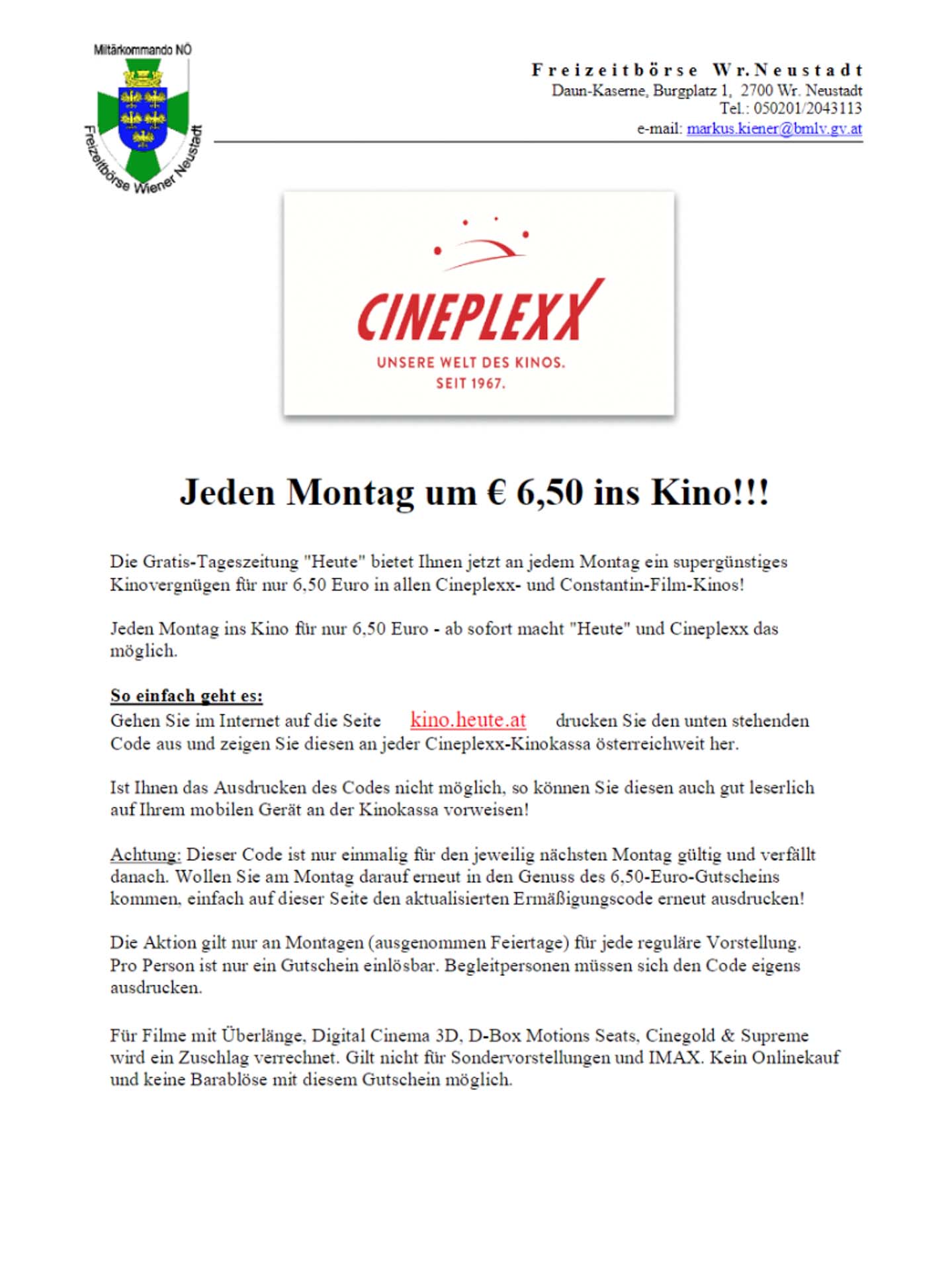 Die Gratis-Tageszeitung "Heute" bietet Ihnen jetzt an jedem Montag ein supergünstiges Kinovergnügen für nur 6,50 Euro in allen Cineplexx- und Constantin-Film-Kinos!
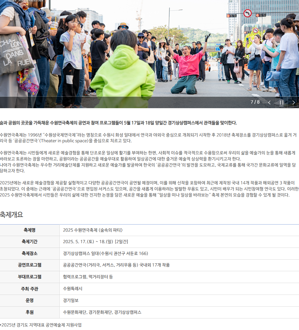 또한, 축제 관련 공지사항이나 변경 사항은 수원연극축제 공식 인스타그램(@suwon_festival)에서도 실시간으로 업데이트되므로, 방문 전 최신 정보를 확인하시기 바랍니다.
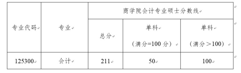 凡第一志愿報考我院會計碩士,且達到我校復試分數線(總分、單科,見下表)的考生,均可參加我院2022年會計碩士專業學位研究生復試。
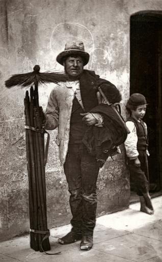 | Keywords: street_life_in_london streetlifeinlondon chimney sweep chimneysweep john day johnday monochrome From 'Street Life in London', 1877, by John Thomson and Adolphe Smith. This chapter recounts the life story of John Day, which begins: 'Born in Lambeth, the son of a road-mender, John Day was sent out to work when scarcely more than ten years old. His father was decidedly addicted to drink, and was in the habit of taking his son on Sunday to public-houses, where drink was sold in defiance of the Licensing Act. So long as the child had a few halfpence for beer, he was in the parental eyes a good boy; but when his meagre earnings had been thus uselessly spent, his father came to the conclusion that he could not afford to keep him, and that it was high time the boy should fight his own way in the world. H e was therefore turned out of his home, and had to resort to the friendly, if cheerless shelter of railway arches; or at times he would sleep on a barge, and profited by the opportunity to wash his solitary shirt in the canal, and hang it up on the rigging of his temporary home, while he disported himself amidst the tarpaulin till it dried. At time when there was nothing to be done at the flour-mill, he obtained a little work as assistant to a neighbouring chimney-sweep; but in either employ he rarely made more than 3s.per week.' And ends: 'He is now the happy father of a large family, he lives in a house near Lambeth Walk, where he once humbly worked in the capacity of a mere assistant. As a master sweep he has an extensive connexion. The money he earns enables him to subscribe to several benefit societies, and he is entitled to receive from them 10s. a week in sickness, while his wife will have £46 given her at his death, or he will receive £18 should she die first. Altogether he is both prosperous and respected throughout the neighbourhood, where he ardently advocates the cause of total abstinence, and is well known as the temperance sweep.' For the full story, and other photographs and commentaries, follow this link and click through to the PDF file at the bottom of the description archives.lse.ac.uk/Record.aspx?src=CalmView.Catalog&i... From 'Street Life in London', 1877, by John Thomson and Adolphe Smith. This chapter recounts the life story of John Day, which begins: 'Born in Lambeth, the son of a road-mender, John Day was sent out to work when scarcely more than ten years old. His father was decidedly addicted to drink, and was in the habit of taking his son on Sunday to public-houses, where drink was sold in defiance of the Licensing Act. So long as the child had a few halfpence for beer, he was in the parental eyes a good boy; but when his meagre earnings had been thus uselessly spent, his father came to the conclusion that he could not afford to keep him, and that it was high time the boy should fight his own way in the world. H e was therefore turned out of his home, and had to resort to the friendly, if cheerless shelter of railway arches; or at times he would sleep on a barge, and profited by the opportunity to wash his solitary shirt in the canal, and hang it up on the rigging of his temporary home, while he disported himself amidst the tarpaulin till it dried. At time when there was nothing to be done at the flour-mill, he obtained a little work as assistant to a neighbouring chimney-sweep; but in either employ he rarely made more than 3s.per week.' And ends: 'He is now the happy father of a large family, he lives in a house near Lambeth Walk, where he once humbly worked in the capacity of a mere assistant. As a master sweep he has an extensive connexion. The money he earns enables him to subscribe to several benefit societies, and he is entitled to receive from them 10s. a week in sickness, while his wife will have £46 given her at his death, or he will receive £18 should she die first. Altogether he is both prosperous and respected throughout the neighbourhood, where he ardently advocates the cause of total abstinence, and is well known as the temperance sweep.' For the full story, and other photographs and commentaries, follow this link and click through to the PDF file at the bottom of the description archives.lse.ac.uk/Record.aspx?src=CalmView.Catalog&i... |

◆ ◆ ◆ ◆ ◆

* TASK OBJECTIVE *
Please output the listing above exactly from its first line through the line with "凡第一志愿報考我院會計碩士,且達到我校復", both included, and nothing beyond that line. Omit pictures.

* PROBLEM SOLUTION *
 Die Gratis-Tageszeitung "Heute" bietet Ihnen jetzt an jedem Montag ein supergünstiges Kinovergnügen für nur 6,50 Euro in allen Cineplexx- und Constantin-Film-Kinos!
 또한, 축제 관련 공지사항이나 변경 사항은 수원연극축제 공식 인스타그램(@suwon_festival)에서도 실시간으로 업데이트되므로, 방문 전 최신 정보를 확인하시기 바랍니다.
 凡第一志愿報考我院會計碩士,且達到我校復試分數線(總分、單科,見下表)的考生,均可參加我院2022年會計碩士專業學位研究生復試。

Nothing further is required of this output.